「なぜ世界は存在しないのか」感想文 その7

6章 芸術の意味

 

<要約>

・芸術の意味は、わたしたちが対象を能動的に見ている様を自認することによって、わたしたちを「意味」に直面させることにある。

・ゴッドロープ・フレーゲの用語法では、「意味(ジン)」とは、ある表現のわたしたちへの与えられ方を指し、否現実のものを含む。それに対し、「意義(ベドイトウング)」とは、その表現が結びついている現実の対象を指している。

・哲学者スタンリー・カヴェル曰く「幻想とは、実在と分け隔てられたものではなく、実在と混然一体なものである」。

・芸術の意味は、「意味」に対する解釈の多様性な在り方(両価値性)に親しませてくれることにある。

・芸術は、新たな意味でわたしたちを驚かせ、日常とは違った角度から対象を照らしてくれるものだ。

・わたしたちがある対象を視るとき、その対象は常に何らかの背景を伴って前に歩み出す(存在する)が、その背景は前に出てくることなく、わたしたちの目から覆い隠されている。

・わたしたちは、無限に多くの意味の場のなかをともに生きながら、そのつど改めて当の意味の場を理解していくのであり、それ以上に何も求めることはない。

 

<感想>

芸術については、私は絵は好きですが、美術館に行って、能動的に絵を観るのはやったことないですね。
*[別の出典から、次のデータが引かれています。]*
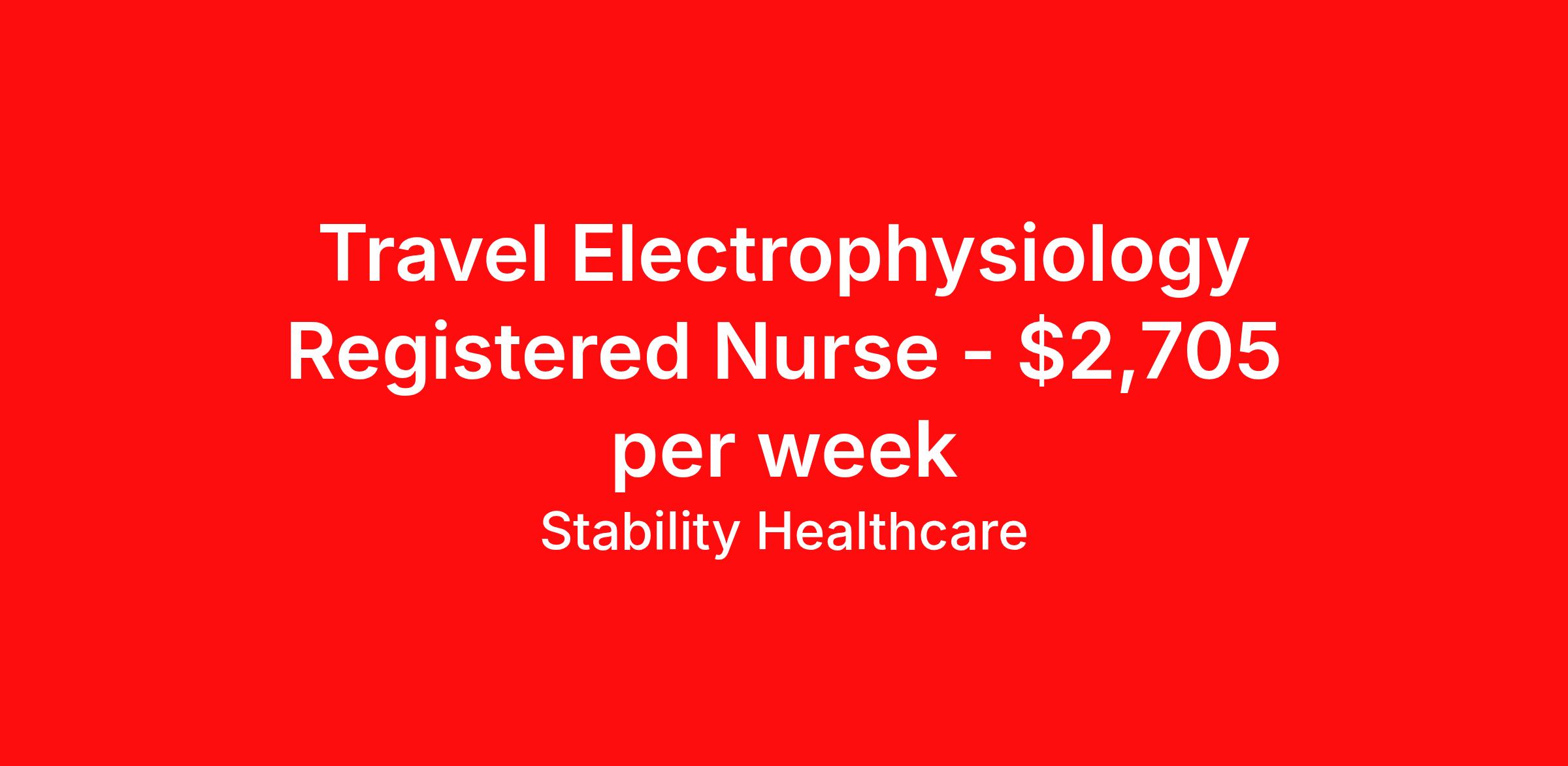 Stability Healthcare is seeking a travel nurse RN Electrophysiology Lab for a travel nursing job in Atlanta, Georgia. Job Description & Requirements Specialty: Electrophysiology Lab Discipline: RN Start Date: 04/20/2026 Duration: 13 weeks 40 hours per week Shift: 10 hours, days Employment Type: Travel Stability Healthcare is looking for a EP RN contract position in Atlanta, GA. An electrophysiology nurse is a highly specialized medic who works with other professionals in a cardiology lab to perform diagnostics and interventional procedures to patients who have electrical conduction problems. Electrophysiology is a highly technical area that requires individuals who possess advanced skills and adequate training to offer critical care to patients. *$600 travel bonus *Day 1 health insurance with United Healthcare *PTO plan start accruing on day 1, use during contract or cash out at the end! *Guaranteed stipend if facility calls you off *Extra hour bonus earn an additional hourly bonus for working over your weekly contracted hours Stability Job ID 826825. Pay package is based on 10 hour shifts and 40 hours per week (subject to confirmation) with tax-free stipend amount to be determined. Posted job title: EP About Stability Healthcare Stability Healthcare was founded in 2009, with the mission of becoming the best Travel Nursing Agency in California. We have been rated one of the top travel nursing agencies and offer our nurses the highest paying travel nursing jobs available. We have access to the best travel assignments from 1000’s of facilities. You can start the year off in sunny California, spend the Spring in the Colorado Rockies, enjoy the Summer in the Mid-West, experience the change of seasons in Boston and New York, and hit the beaches of Florida in the winter. Our Nurses work in the best hospitals and health systems in the country. Benefits Guaranteed Hours Benefits start day 1

音楽も好きです。カラオケで歌ったり、Youtubeで聴いたりしますが、基本的にPOP'sしか聴かないので、歌詞の意味を深読みしたりはあんまりする機会ないですね。

 

芸術家で一番好きなのは、ゴッホですね。日本人は好きな人多いそうですが、あの自分の魂そのものをキャンバスに塗りたくっていくようなタッチは、「気合入ってんな~」と嬉しくなります。あと、晩年精神が狂っていく自分の自画像を何枚も描いたりして、そういう苦しみ、滅びゆくものと、真正面から対峙しようとする姿勢は敬服します。

 

私の場合は、芸術品を鏡にして、作者の頭の中とか、背景とか想像する感じですね。作品を見れば、「この人面白いことに挑戦してるな」とか「この人悲しみの感情が強いな」とか、いろいろ見えてくるので面白いです。

 

世界の芸術家たちは、現実社会の構造とか、哲学的な思想を作品に投影したりしてるんですね。あんまり、そういう芸術品に触れたことないから、何か機会があれば見てみて、能動的に意味の場を理解したくなりました。

 

私は人類絶滅反対派の人間なので、ゴッホみたいに気合の入ったバトンを受け取って、次の人に私の気合の入ったバトンを渡していければいいなぁと思っています。